**Entries provided**
════
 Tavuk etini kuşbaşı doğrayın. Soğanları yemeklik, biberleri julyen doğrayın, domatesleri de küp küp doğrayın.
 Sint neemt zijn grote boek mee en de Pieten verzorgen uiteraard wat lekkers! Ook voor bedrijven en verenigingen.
════
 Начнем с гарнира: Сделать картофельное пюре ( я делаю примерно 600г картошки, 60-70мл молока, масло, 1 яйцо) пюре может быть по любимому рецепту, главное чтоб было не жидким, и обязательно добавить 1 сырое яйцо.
════
**What you need to do**
From the entries above, extract only the lines running from the one containing "Tavuk etini kuşbaşı" through the one containing "Sint neemt zijn", inclusive.

**Answer to the problem**
 Tavuk etini kuşbaşı doğrayın. Soğanları yemeklik, biberleri julyen doğrayın, domatesleri de küp küp doğrayın.
 Sint neemt zijn grote boek mee en de Pieten verzorgen uiteraard wat lekkers! Ook voor bedrijven en verenigingen.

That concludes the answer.